R Basics — Optional On-Ramp

Complete this before the first module (Data Collection & Prep) if you are new to R

Author

Meredith

Published

June 3, 2026

About this file

This file is optional and ungraded. It exists for one reason: if you have never used R before, working through it before the required file (e.g., Data collection & prep) will make the next week’s practice significantly less stressful.

If you can already answer yes to all three of these, skip this file:

Do you know what <- does in R?
Do you know what a data frame is?
Have you used filter() or select() from the tidyverse before?

One important note before you start

Everything you practice here you will do again in 1_Data_Collection_and_Prep.qmd with real data and a real submission. This file is the warm-up.

Part 1 · Variables and data types

A variable stores a value so you can use it later. In R, you assign values with <- — read it as “gets.” x <- 10 means “x gets 10.”

x <- 10
y <- 5
z <- x + y
z

[1] 15

# starts a comment. R ignores everything after it. Use comments to explain what your code does.

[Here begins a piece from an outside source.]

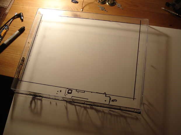 Perfore agujeros en el frente de la caja de sombra para los tornillos que se conecte al monitor. También necesitará taladrar orificios en la parte inferior para sujetar la placa base y ranuras para el ventilador, puertos y unidad de DVD, ranura PCI, etc.. Usted necesitará colocar todo primero y marque lo que usted necesita. Como siempre, marque dos veces, corte / taladro una vez (no al revés)!

The three data types you will use most

# Numeric — any number
score <- 87.5

# Character — text, always in quotes
subject <- "Mathematics"

# Logical — TRUE or FALSE (always capitalized)
passed <- TRUE

# Check what type a variable is
class(score)

[1] "numeric"

class(subject)

[1] "character"

class(passed)

[1] "logical"

Why data types matter

When you load real data later, R sometimes imports numeric columns as character. Knowing how to check (class()) and fix types (as.numeric(), as.character()) is a data cleaning skill you will use often in next modules.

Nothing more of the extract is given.